INSTRUCTIONS TO FOLLOW —
Will you output the entries below exactly, skipping every image they contain?

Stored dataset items

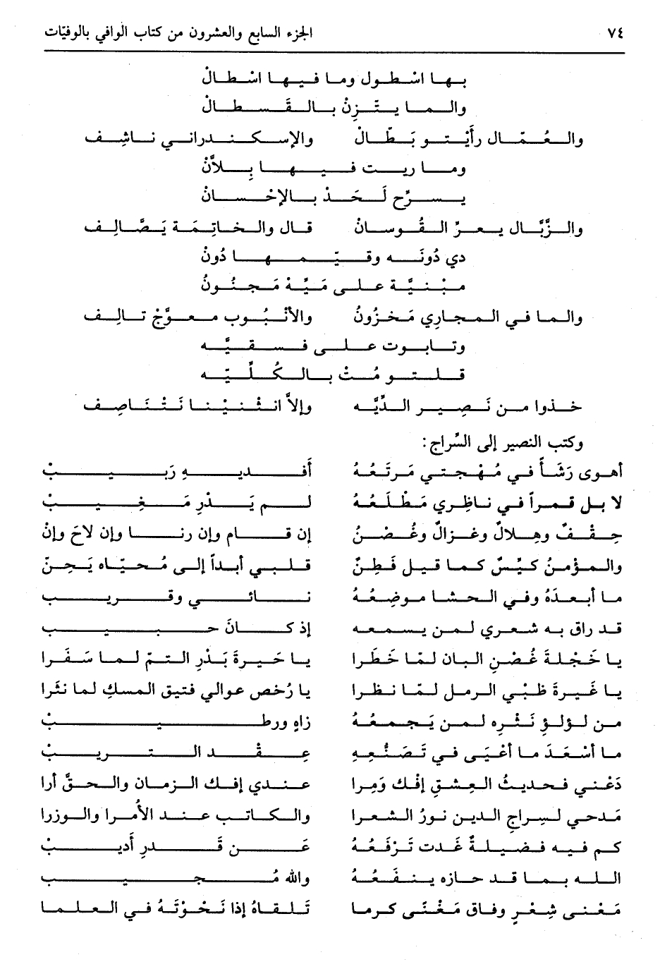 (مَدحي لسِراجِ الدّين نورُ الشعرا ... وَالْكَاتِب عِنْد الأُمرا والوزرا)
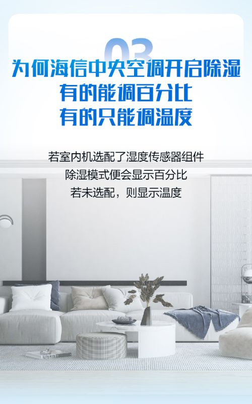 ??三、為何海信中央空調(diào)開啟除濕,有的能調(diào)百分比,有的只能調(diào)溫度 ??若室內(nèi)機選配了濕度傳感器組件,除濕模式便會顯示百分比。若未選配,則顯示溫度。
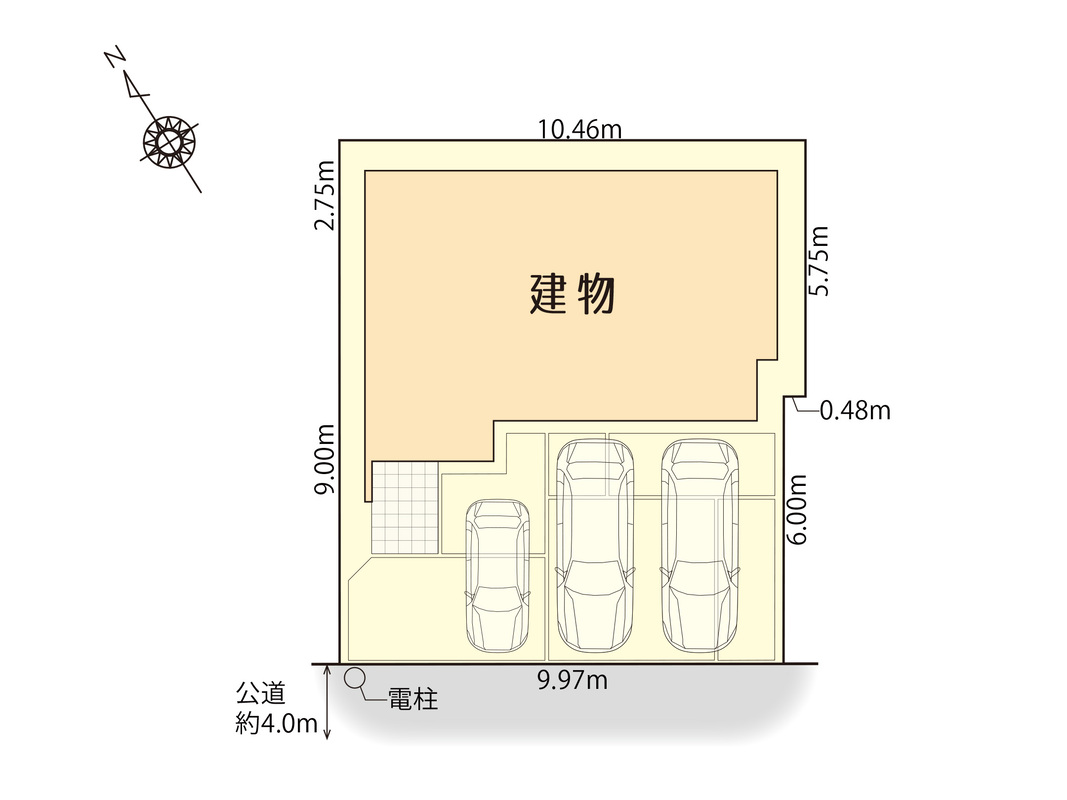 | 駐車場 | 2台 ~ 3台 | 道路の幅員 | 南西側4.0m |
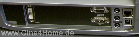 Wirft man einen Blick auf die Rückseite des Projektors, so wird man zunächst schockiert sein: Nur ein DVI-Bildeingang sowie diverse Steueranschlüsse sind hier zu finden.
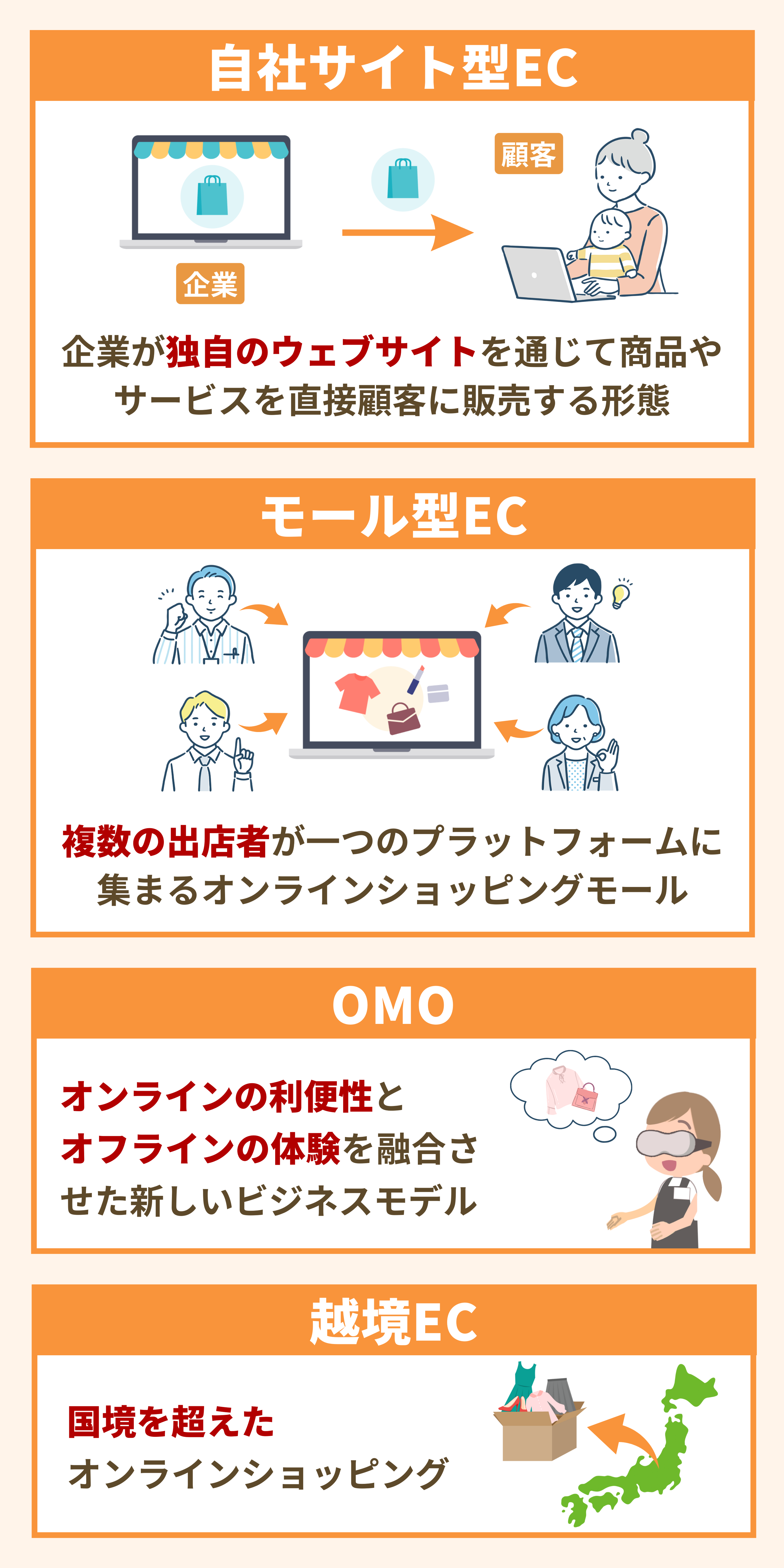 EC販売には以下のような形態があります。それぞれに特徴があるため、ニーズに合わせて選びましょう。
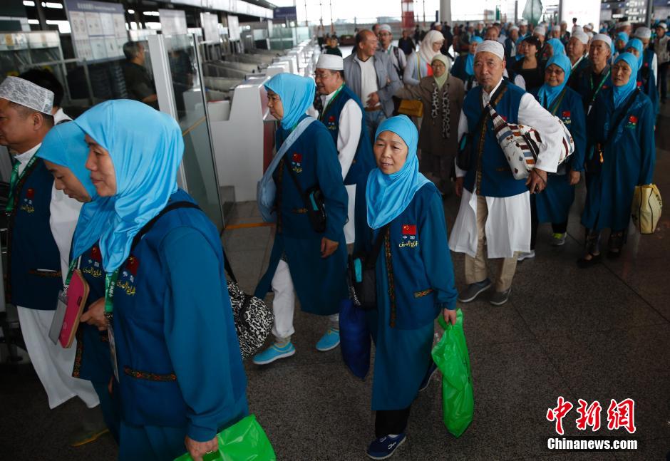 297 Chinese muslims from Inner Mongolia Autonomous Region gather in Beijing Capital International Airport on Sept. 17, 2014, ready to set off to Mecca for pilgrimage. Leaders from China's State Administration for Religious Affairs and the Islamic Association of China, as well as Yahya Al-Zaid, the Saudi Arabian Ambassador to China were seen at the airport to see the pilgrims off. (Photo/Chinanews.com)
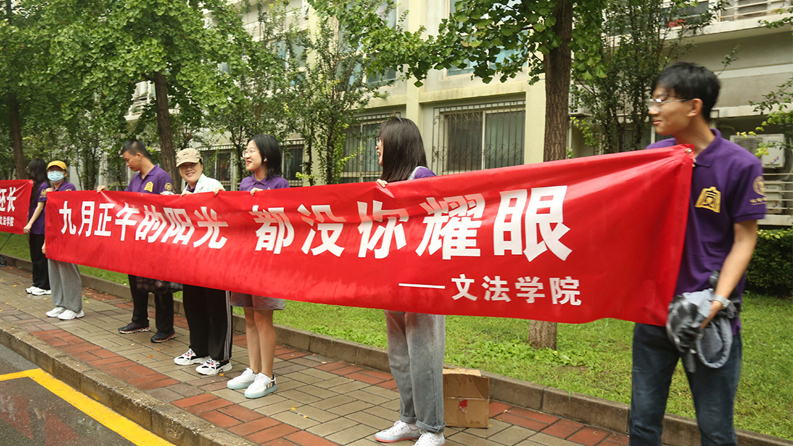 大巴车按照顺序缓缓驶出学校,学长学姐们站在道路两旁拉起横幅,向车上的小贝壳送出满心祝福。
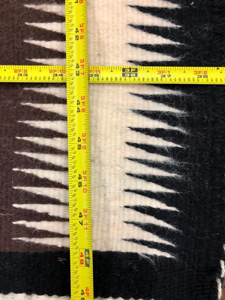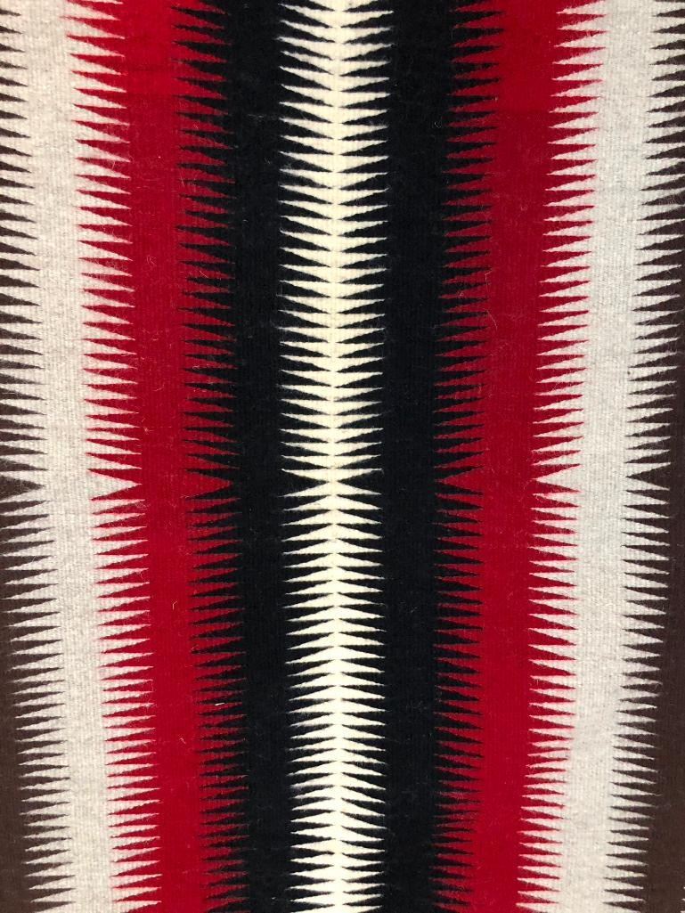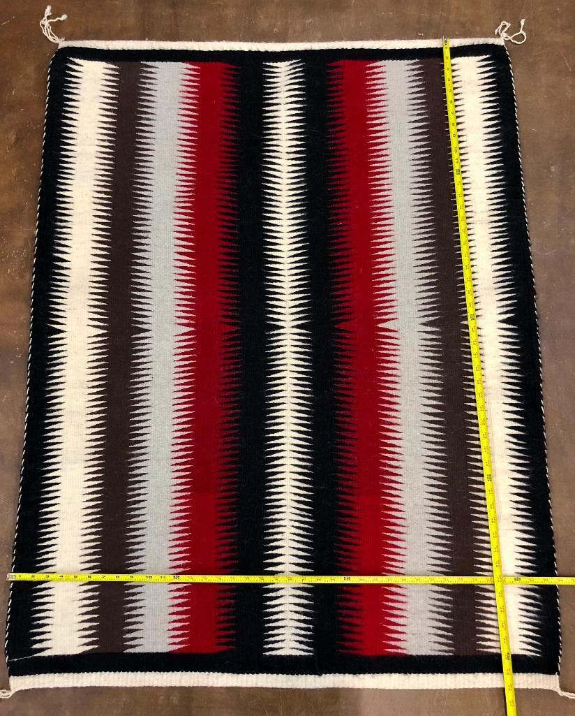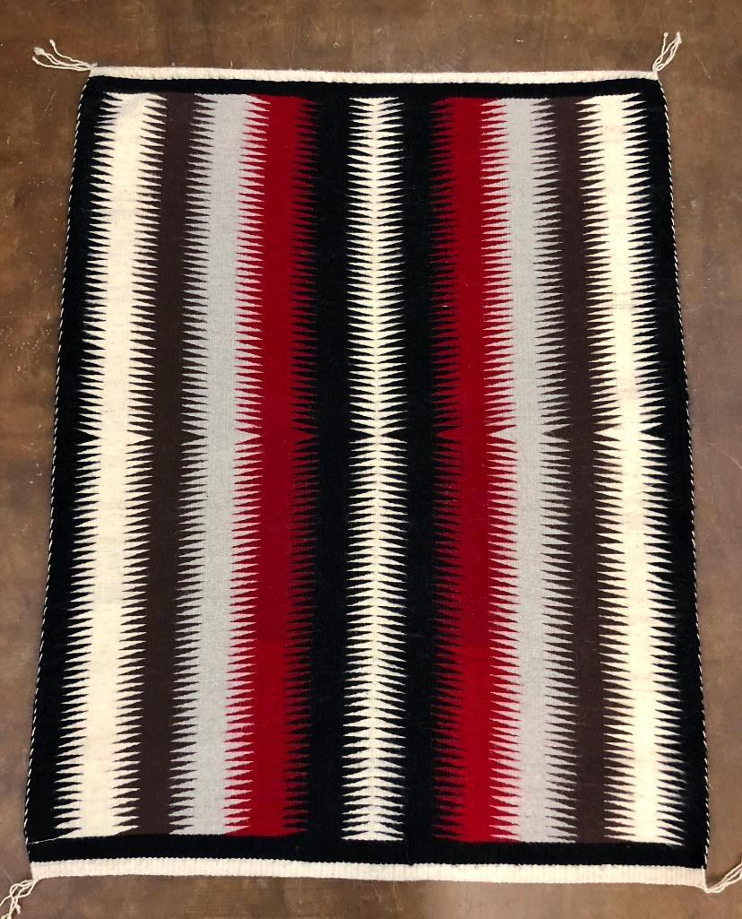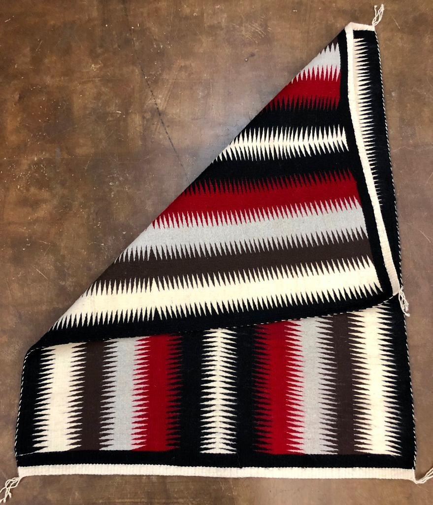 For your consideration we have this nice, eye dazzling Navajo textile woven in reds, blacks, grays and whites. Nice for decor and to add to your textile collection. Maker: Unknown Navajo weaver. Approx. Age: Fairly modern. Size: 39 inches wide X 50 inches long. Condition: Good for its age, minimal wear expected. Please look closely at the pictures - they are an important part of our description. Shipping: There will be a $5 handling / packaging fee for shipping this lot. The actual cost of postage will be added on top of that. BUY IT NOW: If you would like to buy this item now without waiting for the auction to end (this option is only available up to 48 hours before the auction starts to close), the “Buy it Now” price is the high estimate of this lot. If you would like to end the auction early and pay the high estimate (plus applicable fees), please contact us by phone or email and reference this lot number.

FINAL ANSWER —
 (مَدحي لسِراجِ الدّين نورُ الشعرا ... وَالْكَاتِب عِنْد الأُمرا والوزرا)
 ??三、為何海信中央空調(diào)開啟除濕,有的能調(diào)百分比,有的只能調(diào)溫度 ??若室內(nèi)機選配了濕度傳感器組件,除濕模式便會顯示百分比。若未選配,則顯示溫度。
 | 駐車場 | 2台 ~ 3台 | 道路の幅員 | 南西側4.0m |
 Wirft man einen Blick auf die Rückseite des Projektors, so wird man zunächst schockiert sein: Nur ein DVI-Bildeingang sowie diverse Steueranschlüsse sind hier zu finden.
 EC販売には以下のような形態があります。それぞれに特徴があるため、ニーズに合わせて選びましょう。
 297 Chinese muslims from Inner Mongolia Autonomous Region gather in Beijing Capital International Airport on Sept. 17, 2014, ready to set off to Mecca for pilgrimage. Leaders from China's State Administration for Religious Affairs and the Islamic Association of China, as well as Yahya Al-Zaid, the Saudi Arabian Ambassador to China were seen at the airport to see the pilgrims off. (Photo/Chinanews.com)
 大巴车按照顺序缓缓驶出学校,学长学姐们站在道路两旁拉起横幅,向车上的小贝壳送出满心祝福。
 For your consideration we have this nice, eye dazzling Navajo textile woven in reds, blacks, grays and whites. Nice for decor and to add to your textile collection. Maker: Unknown Navajo weaver. Approx. Age: Fairly modern. Size: 39 inches wide X 50 inches long. Condition: Good for its age, minimal wear expected. Please look closely at the pictures - they are an important part of our description. Shipping: There will be a $5 handling / packaging fee for shipping this lot. The actual cost of postage will be added on top of that. BUY IT NOW: If you would like to buy this item now without waiting for the auction to end (this option is only available up to 48 hours before the auction starts to close), the “Buy it Now” price is the high estimate of this lot. If you would like to end the auction early and pay the high estimate (plus applicable fees), please contact us by phone or email and reference this lot number.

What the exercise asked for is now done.